┏━━

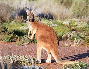 Je supprime la publicitéSon royaume est le désert : au coeur de l'Australie vit le plus grand marsupial sur terre, le kangourou roux. Avec des mois de sécheresse, de chaleur torride et seulement quelques touffes d'herbes sèches, vivre ici requiert un mental à toute épreuve. Tout en muscle, le géant roux saute à travers l'Outback sur ses puissantes pattes arrière, un moyen d'économiser de l'énergie tout en se déplaçant.
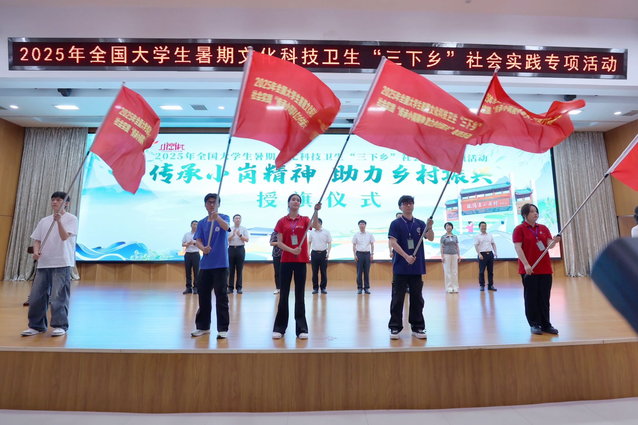 仪式上,陈明生、时伟、金力、孙小龙等共同为实践团队代表授旗,并启动专项活动。
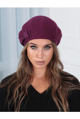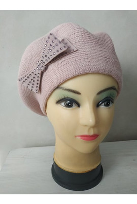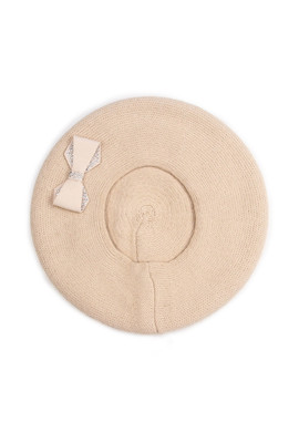 ДВОЙНОЙ ВЯЗАНЫЙ БЕРЕТ "БАНТ" - 334-010 светло-бежевый
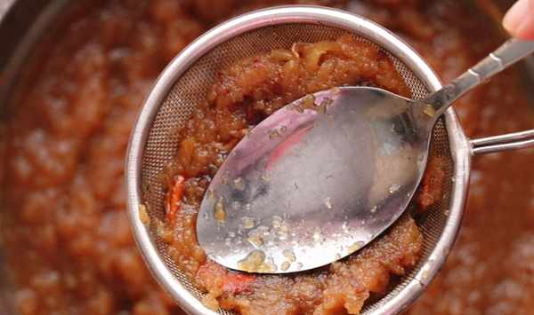 接下來,我們將煮好的梨過濾一下,在小篩網中,用勺按壓,將大塊的雜質過濾出來。
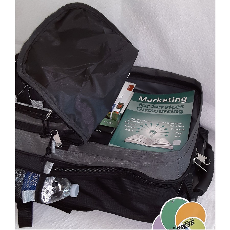 • Two main zippered compartments instead of the normal one. You can put your laptop or electronics in one and your clothes in the other.
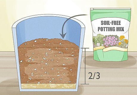 Fill the pot ⅔ of the way with soil-free potting mix. Soil-free potting mix is light and fluffy, and so roots that are planted in it can access more oxygen and nutrients. Pour the potting mix into your pot until it’s about ⅔ of the way full.
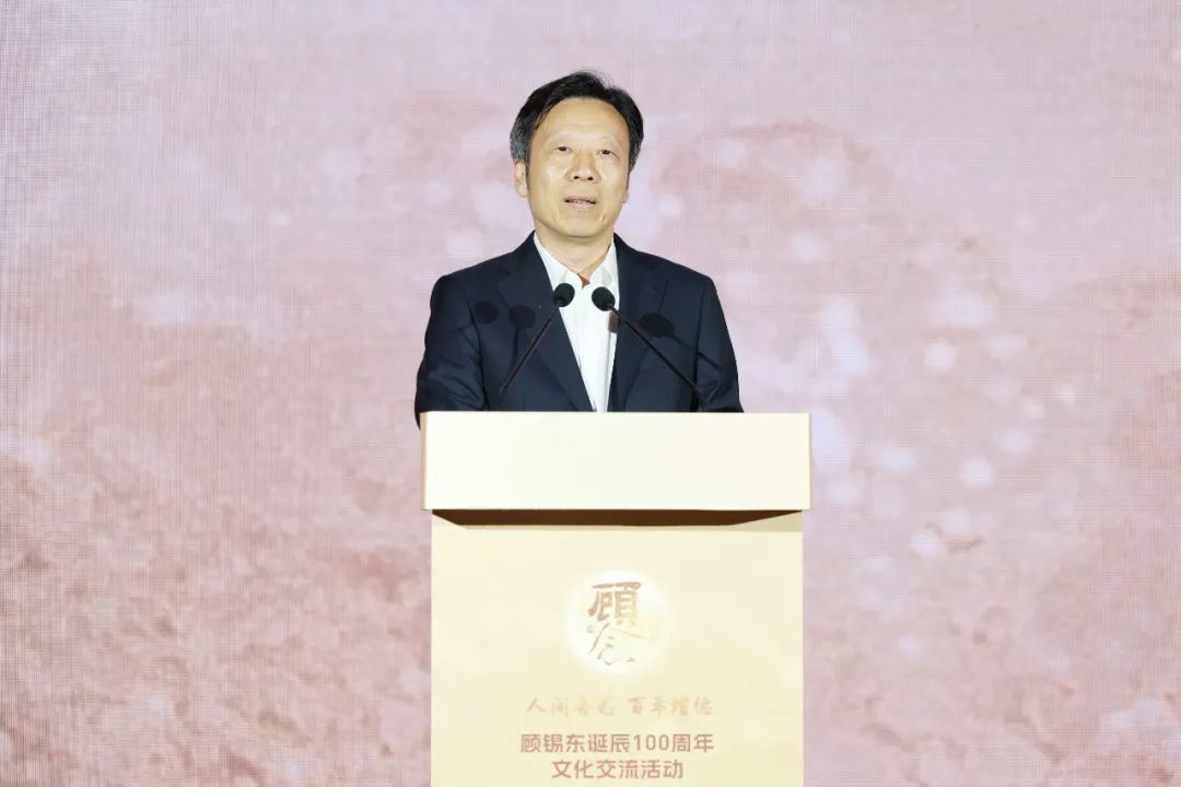 陈涌泉首先代表中国戏剧家协会向嘉善这片孕育了伟大剧作家顾锡东先生的热土致敬,向顾锡东家属代表表示亲切的慰问。他表示,顾锡东先生坚持为观众写戏,他的妙笔生花让浙江小百花蜚声海内外,让无数演员大放异彩,让万千观众流连忘返,进一步扩大了越剧艺术在全国的影响力,生动演绎了剧作家和剧团的关系:一个好的剧作家可以养活一个剧团,成就一批演员,带动一个剧组的发展。他认为,要始终坚持以人民为中心的创作导向,为观众写作,为人民而歌。希望青年戏剧工作者以顾锡东先生为榜样,继承先贤精神,在习近平文化思想的指引下,肩负新的文化使命,踔厉奋发,勇毅前行,把戏剧世界推向新的境界。

┗━━

— The task —
Reproduce all the entries that precede this task, word for word, minus any pictures.

— Exercise result —
 Je supprime la publicitéSon royaume est le désert : au coeur de l'Australie vit le plus grand marsupial sur terre, le kangourou roux. Avec des mois de sécheresse, de chaleur torride et seulement quelques touffes d'herbes sèches, vivre ici requiert un mental à toute épreuve. Tout en muscle, le géant roux saute à travers l'Outback sur ses puissantes pattes arrière, un moyen d'économiser de l'énergie tout en se déplaçant.
 仪式上,陈明生、时伟、金力、孙小龙等共同为实践团队代表授旗,并启动专项活动。
 ДВОЙНОЙ ВЯЗАНЫЙ БЕРЕТ "БАНТ" - 334-010 светло-бежевый
 接下來,我們將煮好的梨過濾一下,在小篩網中,用勺按壓,將大塊的雜質過濾出來。
 • Two main zippered compartments instead of the normal one. You can put your laptop or electronics in one and your clothes in the other.
 Fill the pot ⅔ of the way with soil-free potting mix. Soil-free potting mix is light and fluffy, and so roots that are planted in it can access more oxygen and nutrients. Pour the potting mix into your pot until it’s about ⅔ of the way full.
 陈涌泉首先代表中国戏剧家协会向嘉善这片孕育了伟大剧作家顾锡东先生的热土致敬,向顾锡东家属代表表示亲切的慰问。他表示,顾锡东先生坚持为观众写戏,他的妙笔生花让浙江小百花蜚声海内外,让无数演员大放异彩,让万千观众流连忘返,进一步扩大了越剧艺术在全国的影响力,生动演绎了剧作家和剧团的关系:一个好的剧作家可以养活一个剧团,成就一批演员,带动一个剧组的发展。他认为,要始终坚持以人民为中心的创作导向,为观众写作,为人民而歌。希望青年戏剧工作者以顾锡东先生为榜样,继承先贤精神,在习近平文化思想的指引下,肩负新的文化使命,踔厉奋发,勇毅前行,把戏剧世界推向新的境界。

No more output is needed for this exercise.